Objective Severe acute respiratory syndrome coronavirus-2 (SARS-CoV-2) is the pathogen accountable for the coronavirus disease 2019 (COVID-19) pandemic. Viral entry via binding of the receptor binding domain (RBD) located within the S1 subunit of the SARS-CoV-2 Spike (S) protein to its target receptor angiotensin converting enzyme (ACE) 2 is a key step in cell infection. The efficient transition of the virus is linked to a unique protein called open reading frame (ORF) 8. As SARS-CoV-2 infections can develop into life-threatening lower respiratory syndromes, effective therapy options are urgently needed. Several publications propose vitamin D treatment, although its mode of action against COVID-19 is not fully elucidated.
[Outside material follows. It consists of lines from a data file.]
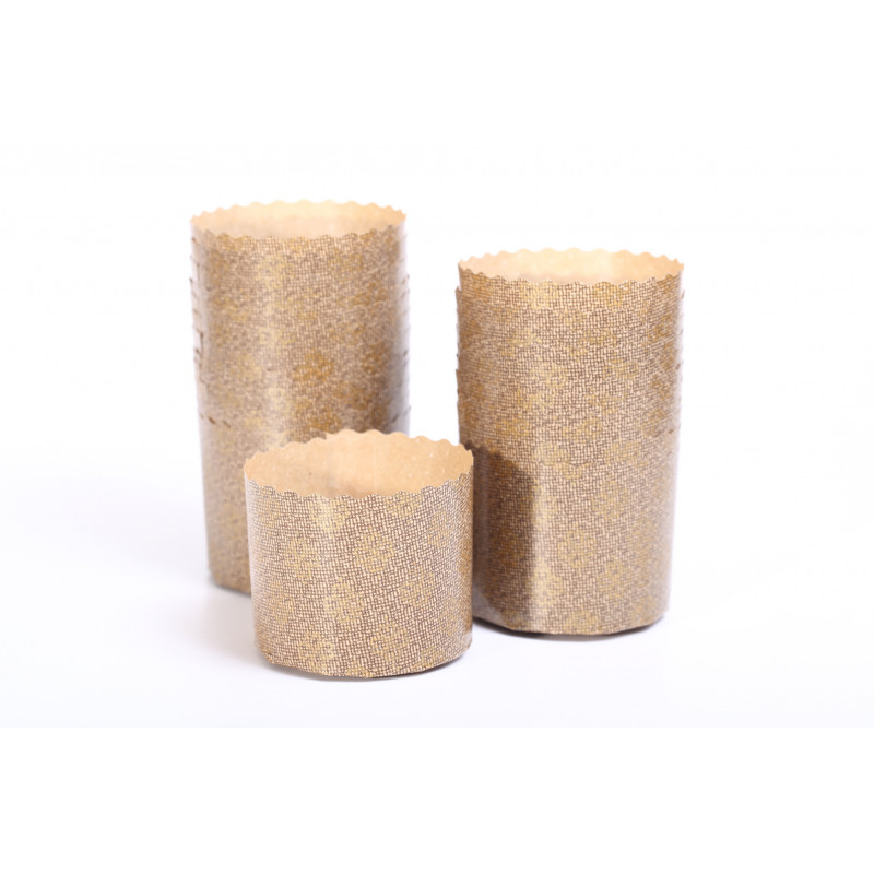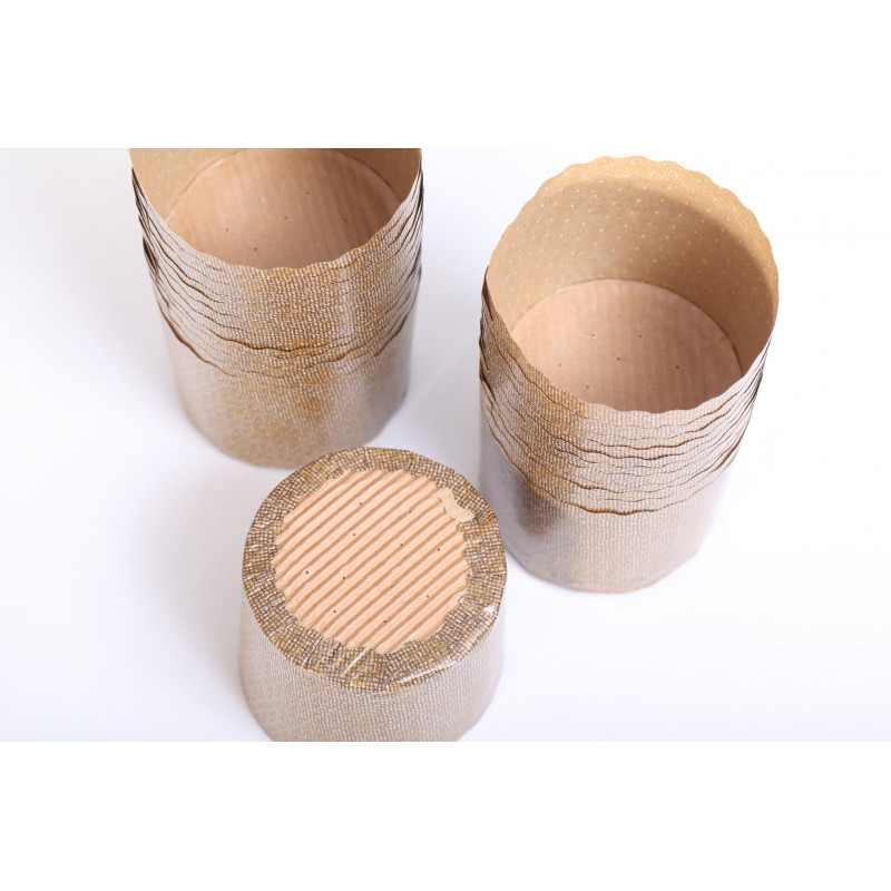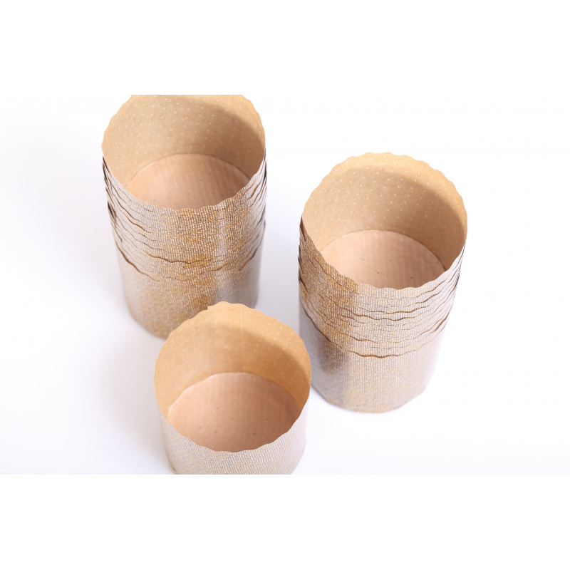 Deze Italiaanse panettone baking cups zijn zeer stevig en kunnen zelfstandig op een bakblik staan. Gemaakt van prachtig stevig papier met een doorsnede van 7 cm en een hoogte van 6 cm. Je kunt ze gebruiken voor al je muffins, cakes, brioches en mini panettone natuurlijk. Ze blijven mooi, ook na het bakken, zodat een spectaculaire presentatie verzekerd is.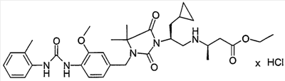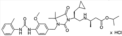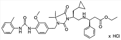 Гидрохлорид изопропил-(S)-3-((S)-2-(4,4-диметил-3-(4-(3-(2-метилфенил)уреидо)-3-метоксибензил)-2,5-диоксоимидазолидин-1-ил)-3-циклопропилпропиламино)-3-(3,4-метилендиоксифенил)пропионата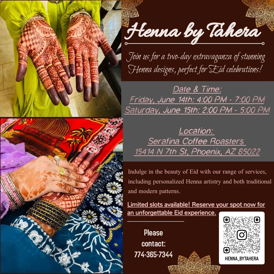 🎉 Join us on Friday, June 14th, from 4:00 PM to 7:00 PM, and Saturday, June 15th, from 2:00 PM to 5:00 PM, at Serafina coffee roasters, for two days of amazing Eid Henna!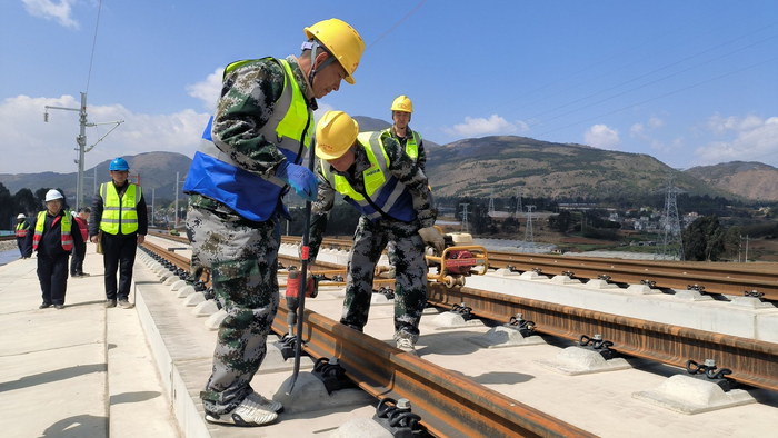 “我们针对渝昆高铁集复杂地质、长大隧道群、30‰连续长大坡道于一体的特点,研发应用了长大坡道铺轨、制动与精调成套技术,并配备先进工装设备与智能监测系统,确保铺轨安全和精度。”中铁十六局渝昆高铁铺轨施工技术负责人张延说道。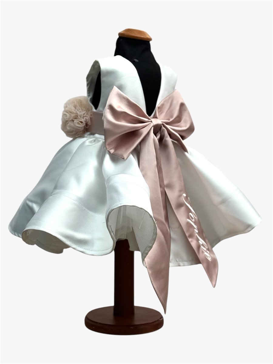 Un sogno di eleganza prende forma in questo abito in mikado, dove la struttura raffinata del tessuto incontra la delicatezza romantica dei dettagli. La cintura, impreziosita da fiori in tulle lavorati a mano, accarezza il punto vita esaltando la silhouette con grazia. Sul retro, un fiocco personalizzato aggiunge un tocco di poesia e unicità, trasformando ogni passo in una dichiarazione di stile senza tempo. Perfetto per chi desidera distinguersi con classe e femminilità. Visualizza questo post su Instagram Un post condiviso da Roberta Leone (@laboutiquedeibambini)

It is speculated that vitamin D’s beneficial effects are mediated by up-regulating LL-37, a well-known antimicrobial peptide with antiviral effects.

Methods Recombinantly expressed SARS-CoV-2 S protein, the extended S1 subunit (S1e), the S2 subunit (S2), the receptor binding domain (RBD), and ORF8 were used for surface plasmon resonance (SPR) studies to investigate LL-37’s ability to bind to SARS-CoV-2 proteins and to localize its binding site within the S protein. Binding competition studies were conducted to confirm an inhibitory action of LL-37 on the attachment of SARS-CoV-2 S protein to its entry receptor ACE2.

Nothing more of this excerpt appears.